Chase arose suddenly and paced feverishly back and forth across the room; Detective Mallory discreetly moved his chair in front of the door. Chase saw and understood.

“I know how you tampered with the clock so as not to interfere with its action or cause any variation at the testing apparatus. You were too superbly clever to stop it, or interfere with the circuit. Therefore I see that you simply took out the pin which held on the hands and moved them backward one hour. It was then actually a quarter of three — you made it a quarter of two. You showed your daring by invading the dentist’s sleeping room. You found his watch on a table beside his bed, set that with the clock, then went out, spoke to Policeman Gillis whose number you noted and rang the front door bell. After you left by the front door you allowed time for the household to get quiet again, then reentered from the rear and reset the watch and clock. Thus your alibi was perfect. You took desperate chances and you knew it, but it was necessary.”

The Thinking Machine stopped and squinted up into the pallid face. Chase made a hopeless gesture with his hands and sat down, burying his face.

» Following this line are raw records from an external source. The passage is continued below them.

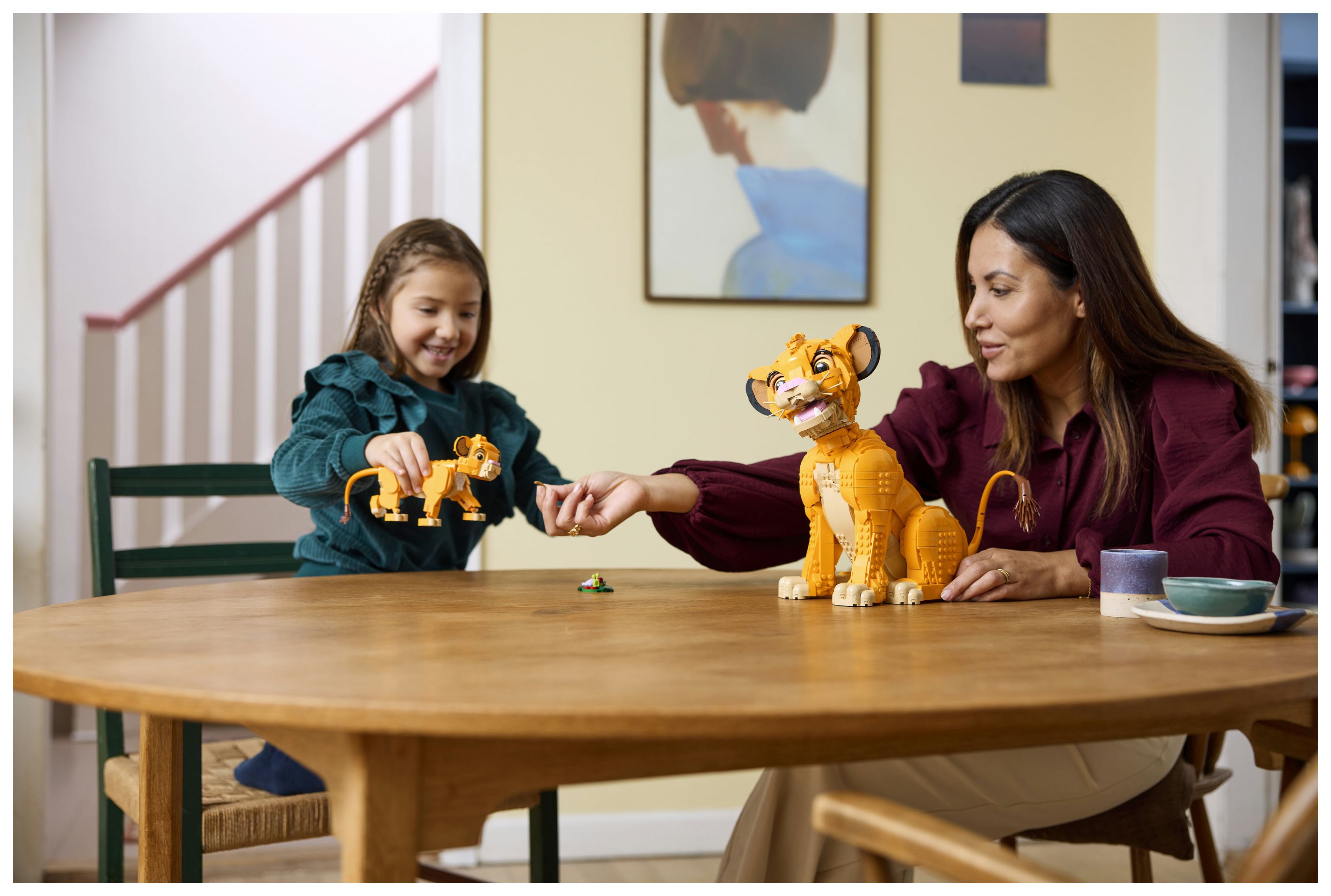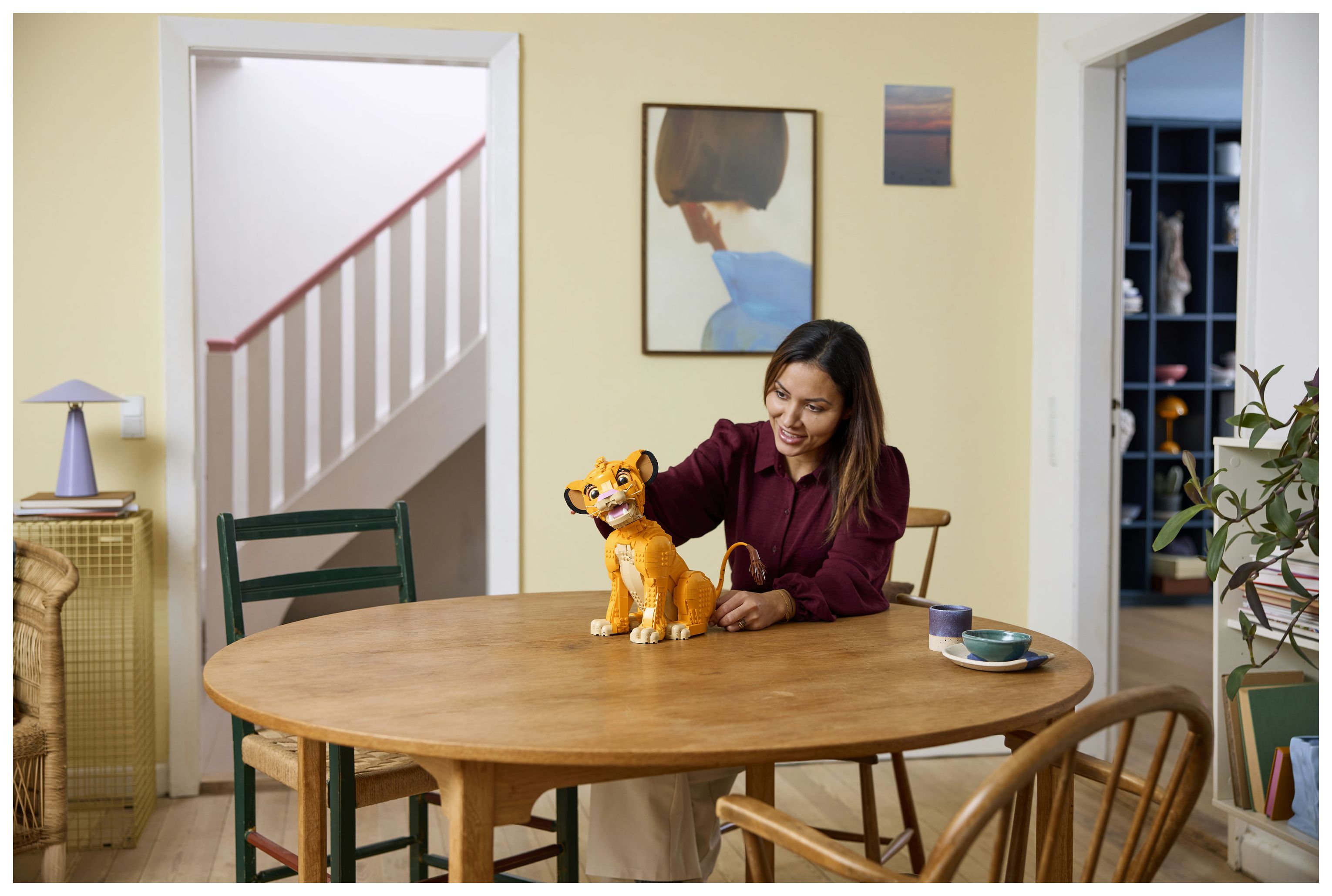 Kreatives Projekt: Diese LEGO® ǀ Disney Tierfigur stellt Simba mit beweglichem Kopf dar. Freu dich auf ein gemeinsames Projekt mit einem jüngeren Baumeister, der das separat erhältliche Pendant für Kinder – Simba, das Löwenjunge des Königs – baut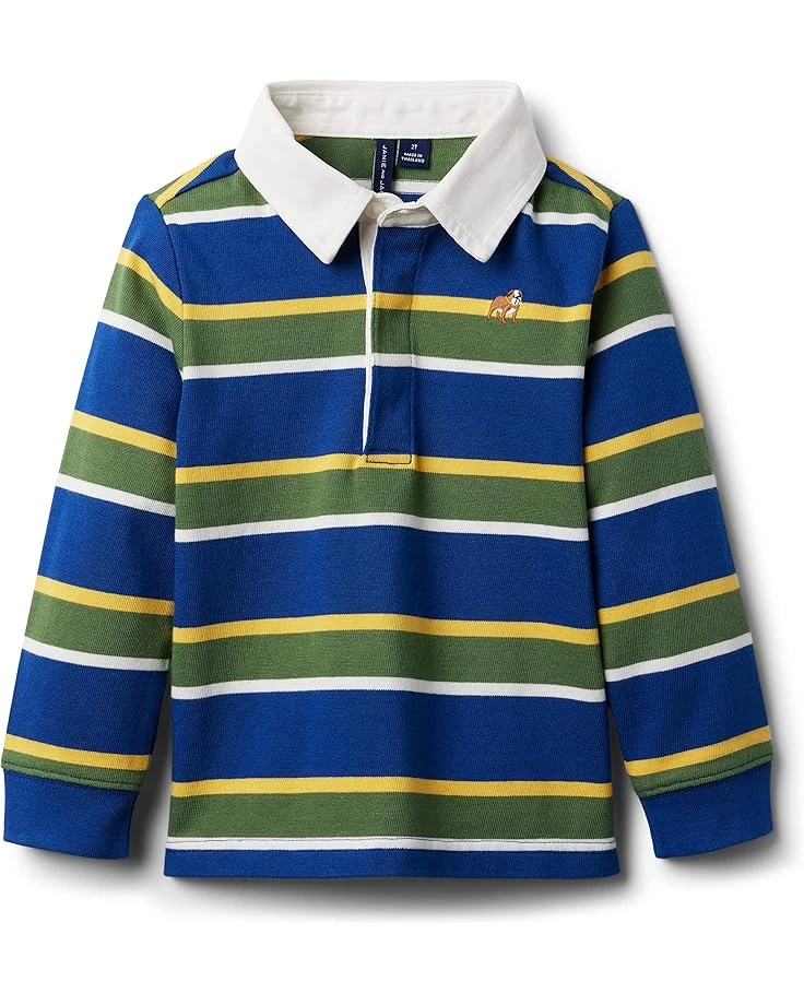 Janie and Jack Kids’ Apparel SKU: #9805989A modern take on the classic design, the Janie and Jack® Striped Rugby Shirt is a smart choice to amp up your kids’ style quotient. Allover stripes pattern. Contrasting spread collar and long sleeves with ribbed cuffs. Center-front half-button placket. Embroidered icon on the upper left chest featuring a bulldog.Straight hemline. 100% cotton.Machine washable. Imported. Style No: 100043346.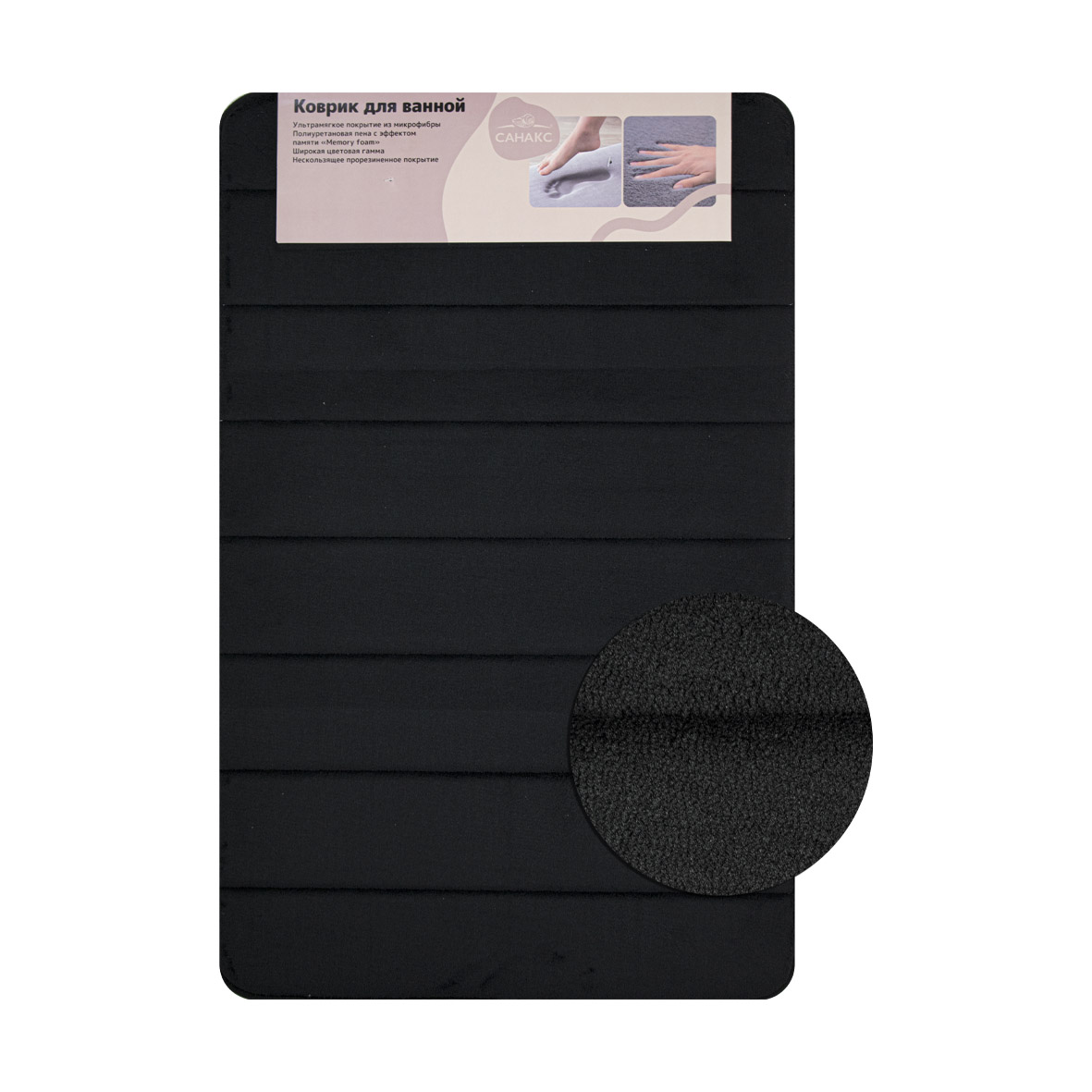 Коврик в ванную, одинарный с антискользящим покрытием однотонный, черный, высота ворса 18 мм. Мягкий, плотный и приятный на ощупь с эффектом восстановления. Стирать коврик можно в стиральной машине при 30-40 градусах без хлора. Состав коврика - полиэстер на качественной латексной основе, быстро сохнет и не накапливает влагу, износостойкий. Коврик универсального назначения: для ванны, для гостинной, на кухню и т. д. Габаритные размеры: высота 800 мм, ширина 500 мм. Вес - 0,470 кг, объём - 0,00579 м3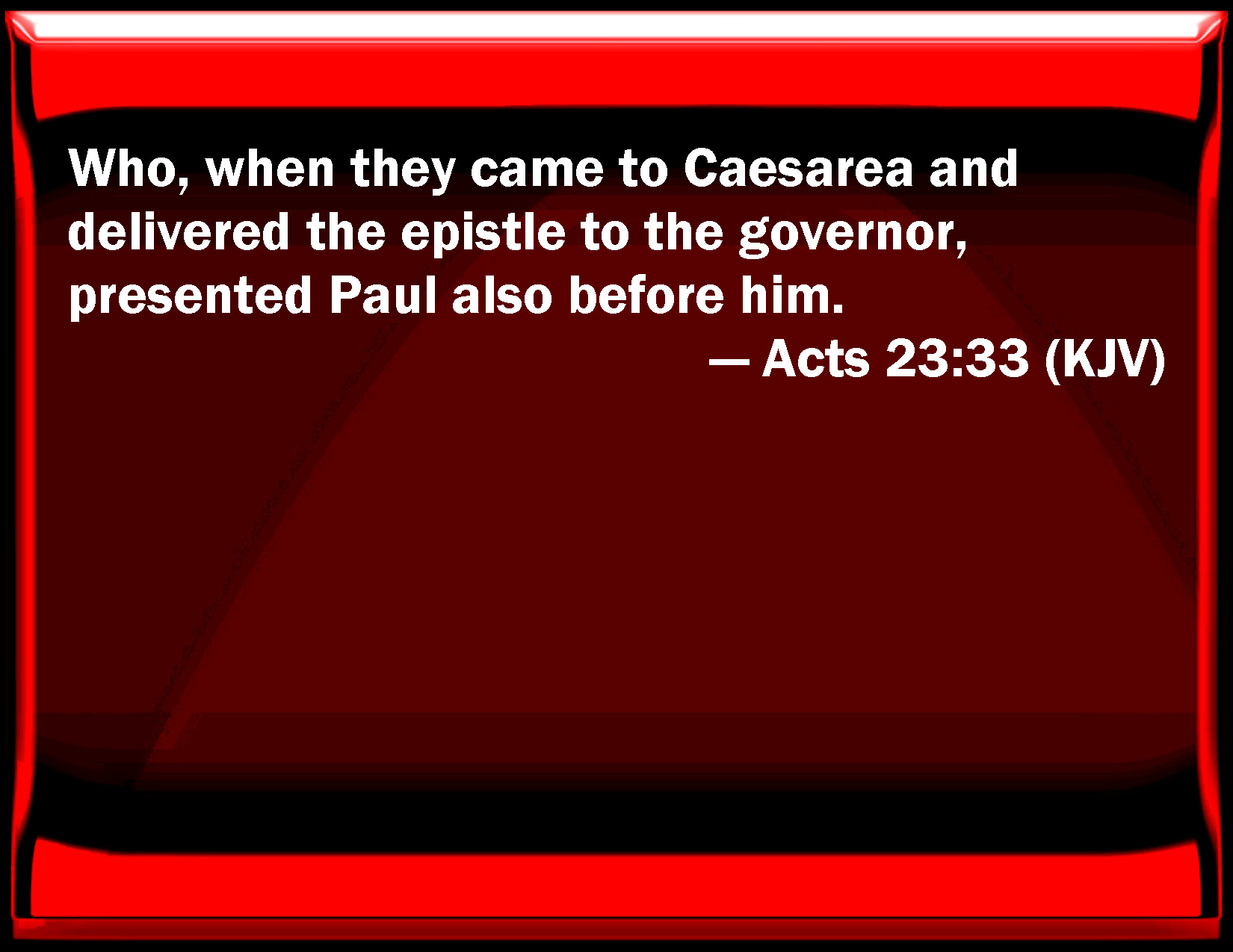 Bible Verse Slide Acts 23:33 Who, when they came to Caesarea and delivered the letter to the governor, presented Paul also before him. KJV: Who, when they came to Caesarea, and delivered the epistle to the governor, presented Paul also before him. DRB: Who, when they were come to Caesarea, and had delivered the letter to the governor, did also present Paul before him. DBT: And these, having entered into Caesarea, and given up the letter to the governor, presented Paul also to him. ERV: and they, when they came to Caesarea, and delivered the letter to the governor, presented Paul also before him. WBT: Who, when they came to Cesarea, and delivered the epistle to the governor, presented Paul also before him. WEB: When they came to Caesarea and delivered the letter to the governor, they also presented Paul to him. YLT: those having entered into Caesarea, and delivered the letter to the governor, did present also Paul to him.Links Acts 23:33 NIV • Acts 23:33 NLT • Acts 23:33 ESV • Acts 23:33 NASB • Acts 23:33 KJV • Acts 23:33 Interlinear • Acts 23:33 Commentaries • Acts 23:33 Parallel Texts • Acts 23:33 Bible Apps • Acts 23:33 Parallel • Bible Hub |

“It was clever, Mr. Chase,” said the scientist finally. “It is the only murder case I know where the criminal made no mistake. You probably killed Mr. De Forrest in a fit of anger, left there while the elevator boy was upstairs, then saw the necessity of protecting yourself and devised this alibi at the cost of one tooth. Your only real danger was when you made Patrolman Gillis your witness, taking the desperate chance that he did not know or would not remember just when you spoke to him.”

Again there was silence. Finally Chase looked up with haggard face.

“How did you know all this?” he asked.

“Because under the exact circumstances, nothing else could have happened,” replied the scientist. “The simplest rules of logic proved conclusively that this did happen.” He straightened up in the chair. “By the way,” he asked, “what was the motive of the murder?”

“Don’t you know?” asked Chase, quickly.

“No.”

“Then you never will,” declared Chase, grimly.

When Chase had gone with the detective, Hatch lingered with The Thinking Machine.

“It’s perfectly astonishing,” he said. “How did you get at it anyway?”

“I visited the neighbourhood, saw how it could have been done, learned through your investigation that no one else appeared in the case, then, knowing that this must have happened, tricked Mr. Chase into believing I was an eye witness to the incident in the alley. That was the only way to make him confess. Of course there was no one else in it.”

One of the singular points in the Chase murder trial was that while the prisoner was convicted of murder on his own statement no inkling of a motive ever appeared.